Unleashing the power of metadata with FOCA Free


The terrific guys at informática64 put together the FOCA tool (for mostly automated metadata extraction in the free version) quite a while ago and they just keep improving it continously. The Pro version is just 100€ + VAT and you get a lesson from Chema Alonso along the way so worth considering too :).

I recently heard on the Spanish version of the PaulDotCom podcast that the tool name “FOCA” (“Seal” in Spanish) comes from the guy who first implemented the tool at informática64. His name is “Fernando Oca” and his username was logically “Foca”. This led to a lot of healthy jokes at informática64 and the tool name was inevitable :).

The version used in this tutorial will be FOCA Free (the free version has significantly less options but it is still very useful). They are going to release version 3 soon (Spanish) so I might publish another tutorial in a few months, when the tool will be significantly improved as they say.


This is a windows tool so you just, install it (typical “next next finish” install) and run it. No secrets here 🙂

Basic usage

The first step when using FOCA is to choose your search type, you can choose “site:target.com” or “site:target.com filetype:doc”, etc.

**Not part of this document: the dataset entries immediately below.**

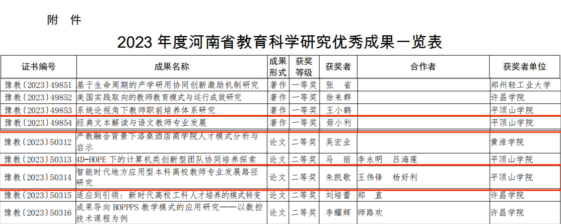 8月3日,河南省教育厅发布《关于公布2023年度河南省教育科学研究优秀成果的通知》(教教科〔2023〕264号),公司毋小利教授的著作《经典文本解读与语文教师专业发展》获本年度优秀成果一等奖,朱凯歌老师的论文《智能时代地方应用型本科高校教师专业发展路径研究》获二等奖。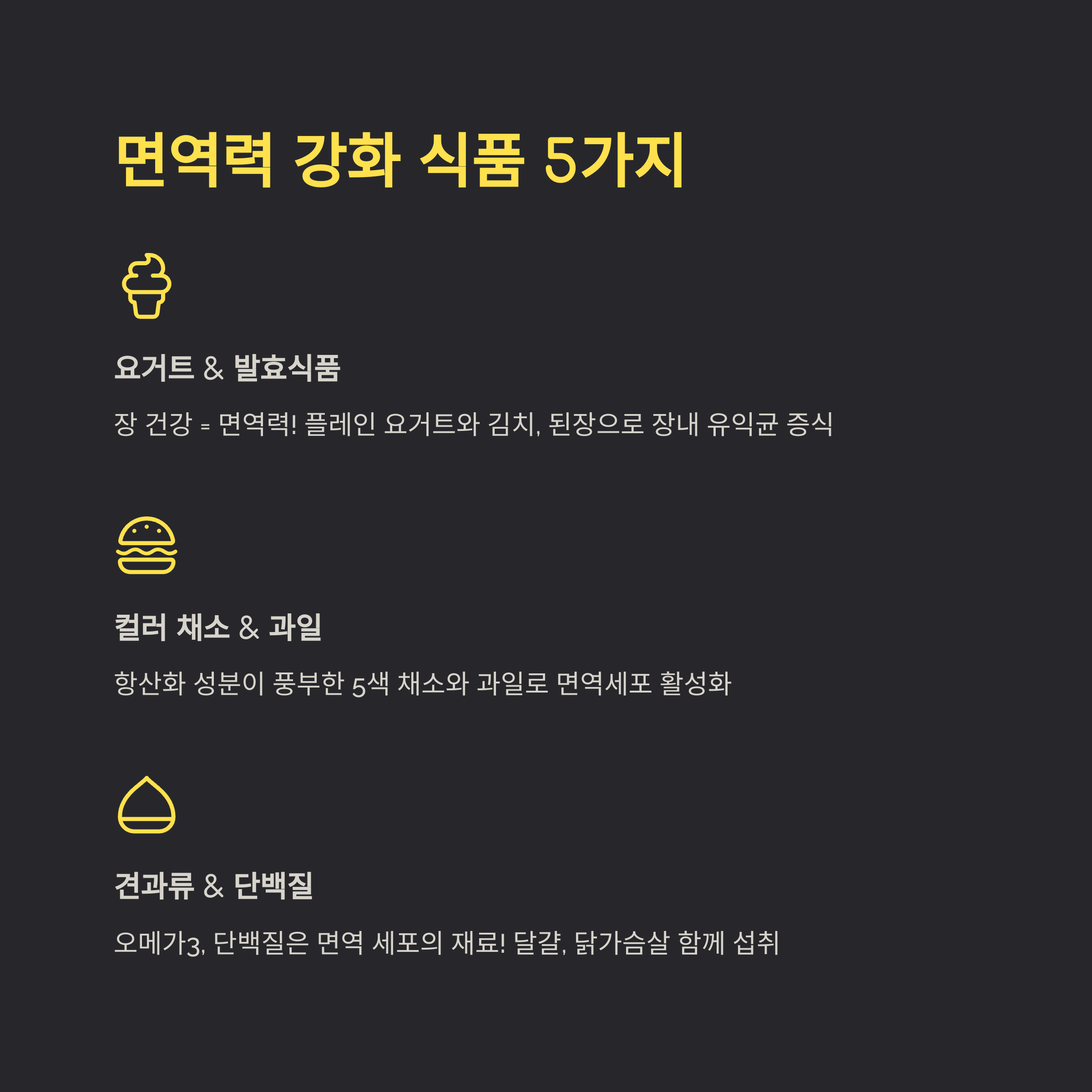 | 채소 & 과일 | 항산화 비타민 풍부 → 감염 예방 |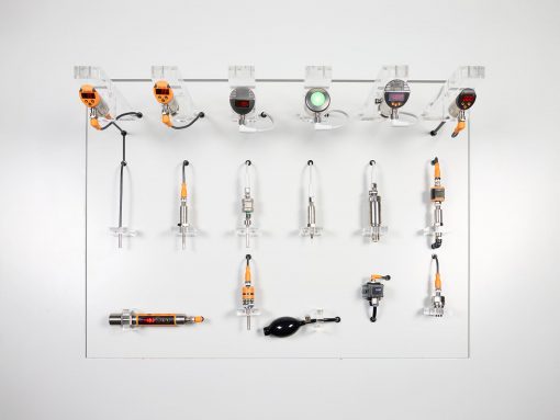 Overview board for pressure and temperature sensors. Measurement values can be accessed via moneo. Selected pressure sensors can generate measurement values using a hand pump. No external compressed air needed.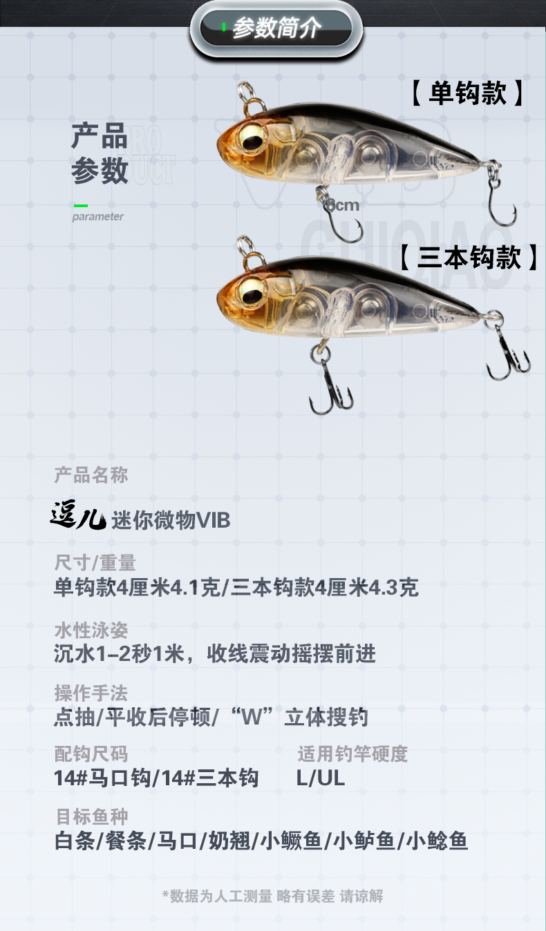 Mini micro-object small vib vibration noise freshwater white strip horse mouth meal strip mouth rofe submerged single hook three hooks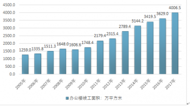 2016年我國(guó)辦公樓竣工面積為3629.0萬(wàn)平方米,2017年我國(guó)辦公樓竣工面積增長(zhǎng)至4006.5萬(wàn)平方米。

In this demonstration we will use www.google.com and search for .doc documents only. Because Google is mostly a Linux/MAC shop (asfaik) this yields little results which is good for demonstration purposes:

When you have a bunch of sites as I did in a recent test I like to use: site:target1.com OR site:target2.com ….. and if they are not very big do not specify a filetype: This will return everything, including web pages, which you can analyse later for HTML comments, etc too.

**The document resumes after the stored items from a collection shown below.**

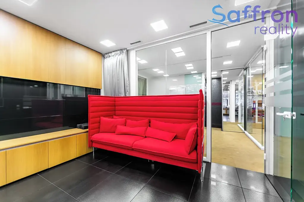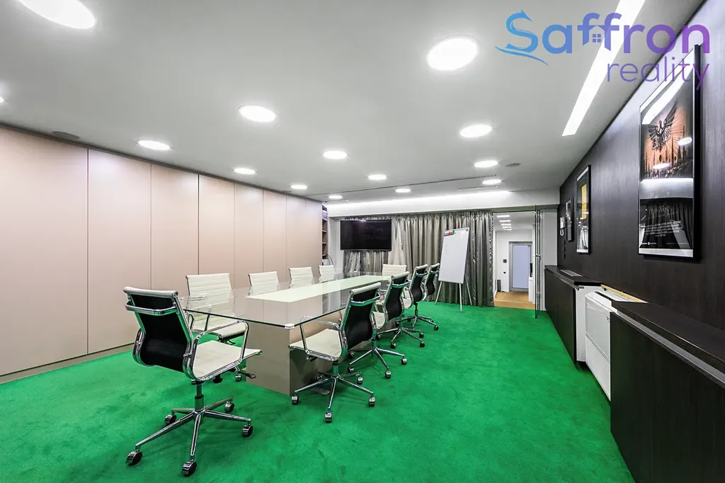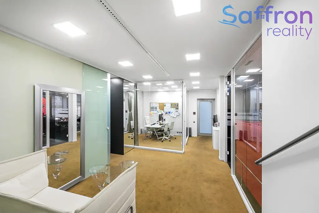 Jedná se o nebytovou jednotku o celkové podlahové ploše 155 m², která je dispozičně řešena jako kombinace samostatných kanceláří, otevřených pracovních prostor a reprezentativního zázemí. Součástí je vstupní recepce, prostorná zasedací místnost, kuchyňka a sociální zázemí včetně sprchy. Prosklené příčky dodávají interiéru vzdušnost a zároveň umožňují flexibilní uspořádání jednotlivých částí dle potřeb nového majitele.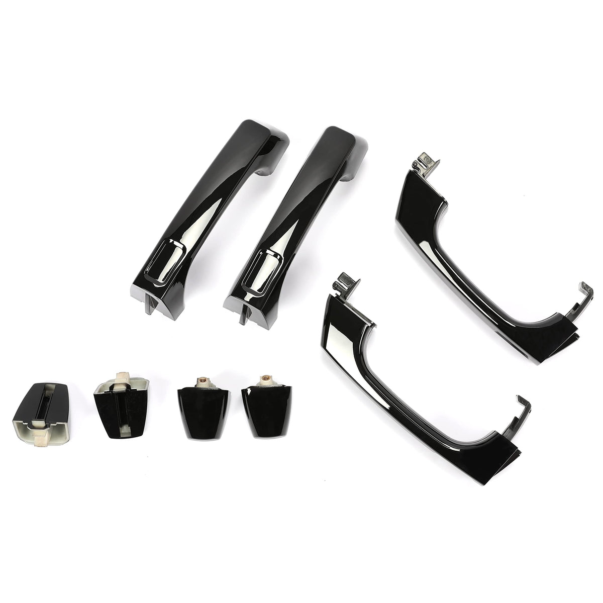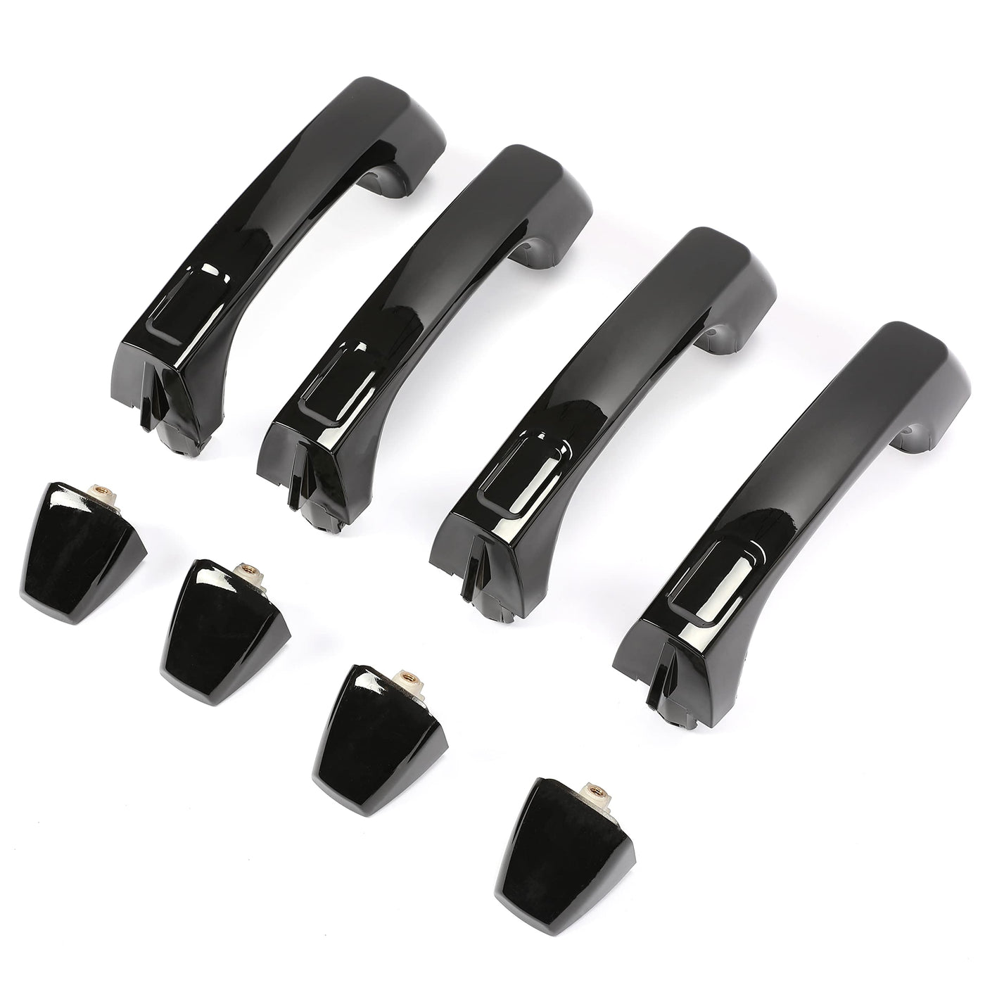 Q: How many door handles are included in the package?A: The package includes a set of 4 exterior door handles, allowing you to replace both front and rear handles on your vehicle.
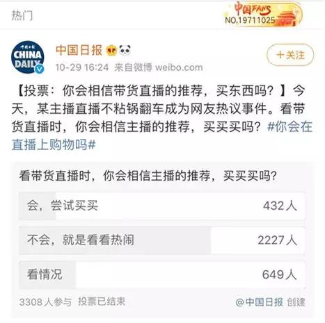 中国日报在上个月底就直播购物进行了一次投票,70%以上参与投票的网友都表示不会在直播购物买东西。部分网友认为看直播买东西浪费时间,商品质量大多没有保障。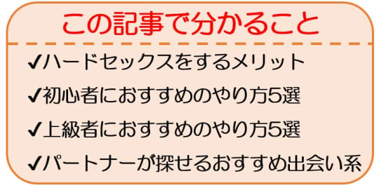 このようにハードなセックスはマンネリ防止にも大いに役立つので、チャンスがあれば積極的に挑戦していくといいでしょう。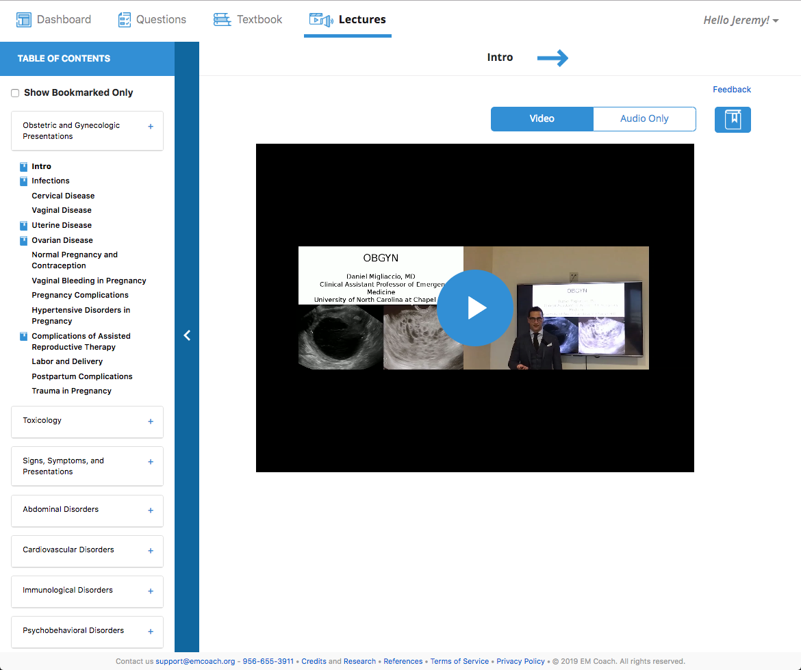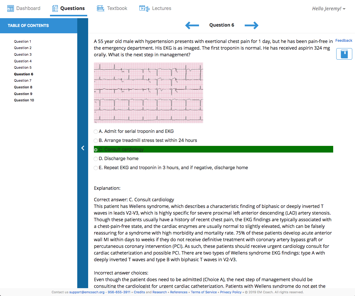 Built solo from the ground up, EM Coach delivers medical education content to US doctors and residents. Learners can choose to study either on their own, at the direction on an institutional instructor, or by following the coach, an automated assistant that assess the learner's needs and generate a unique 15 minute lesson based on the learner's needs, while also throwing in a bit of what they excel at to ensure retention of the learner's strengths. Education content is written and reviewed by board certified Emergency Medicine Physicians. Each piece of content is created in 3 forms: practice tests, textbook readings, and lectures. This provides differentiated instruction to the learner and empowers them to seamlessly switch between content types if they need additional clarification and support.

The next step is to download all documents, to do that just Right click / Download All:


This will download all indexed files locally, after the download completes we can retrieve the metadata from the downloaded files (Metadata / Extract all documents metadata):

Once the metadata is extracted we can review it:

The metadata identifies 3 potential users as well as 1 software package in use and an operating system.
Apparently all 3 users are using Mac OS at Google! 🙂

We can now correlate the metadata to get a per user, printer, etc view. We can do this as follows:

 In the analysis we can see that all the metadata comes from the same user, who is using Mac OS and Microsoft Office 2008 for Mac OS. This information would be useful in a targetted client side attack because specific exploits could be searched for the versions in use by the client:



Now let’s look at information from the field. What can you really find in a normal pen test?
A bunch of users, printers, folders, software and operating systems 🙂

When you look on the by user metadata analysis you can see what software version is potentially running each user and you get a nice icon to quickly identify each computer by username:

The servers and printers usually contain very interesting correlated information like for example which users had access to each printer or server.

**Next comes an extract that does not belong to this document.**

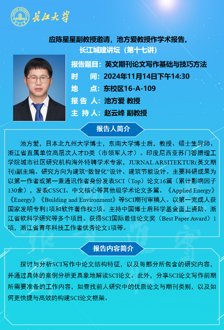 长江城建讲坛2024年第十七讲:英文期刊论文写作基础与技巧方法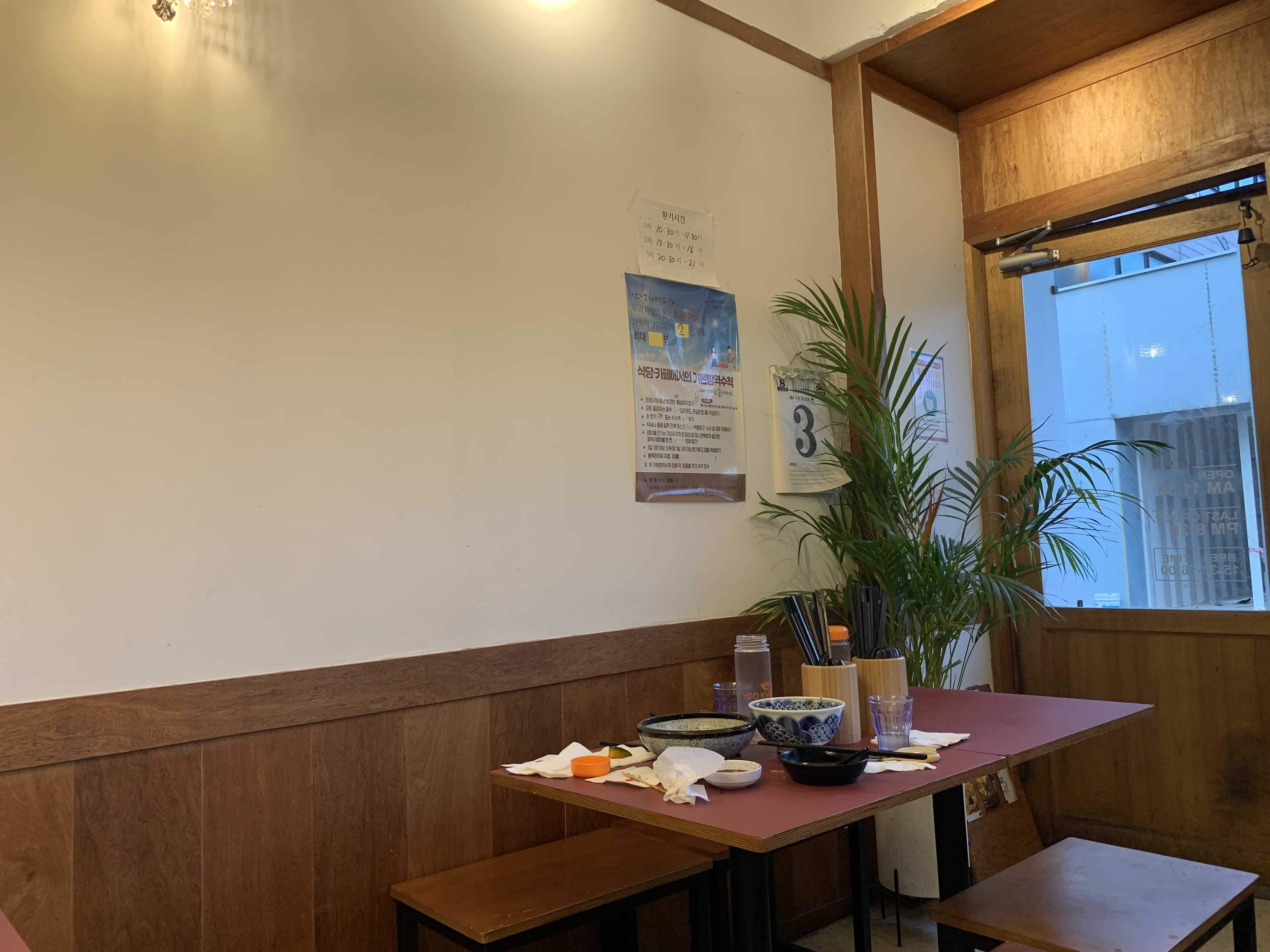 식당 내부는 그리 넓지가 않은 식당입니다. 테이블은 8개 정도 준비되어 있고 식당에 방문했을 때 혼밥을 여러 명이 드시더군요. 혼밥 식당으로도 유명하나 봅니다. 테이블에 앉아 계속 기다리는데도.... 메뉴판을 안 주시더군요.

It is a bit of a pain to extract the information out of FOCA Free (I suppose this is easier to do in the paid version :)) but you can at least browse the downloaded files and perhaps even run them through another metadata tool like the exiftool. You can extract the information of each record (one by one manually) by right clicking on it:

On a default Windows 7 Installation FOCA downloads the files on:

You can tell apart the FOCA files from the rest quite accurately based on the download timestamp.

A minor issue, particularly when many domains are used at once is that files like index.php will be created as “index(1).php”, “index(2).php”, etc. Then it takes a bit of work to figure out which index.php belongs to each domain.

Better results can be achieved with a tool like wget or Httrack for website crawling and HTML comments and JavaScript code analysis.

The true power from FOCA comes from the automated “even my grandma can do it” metadata analysis, including correlation by user, server and printer.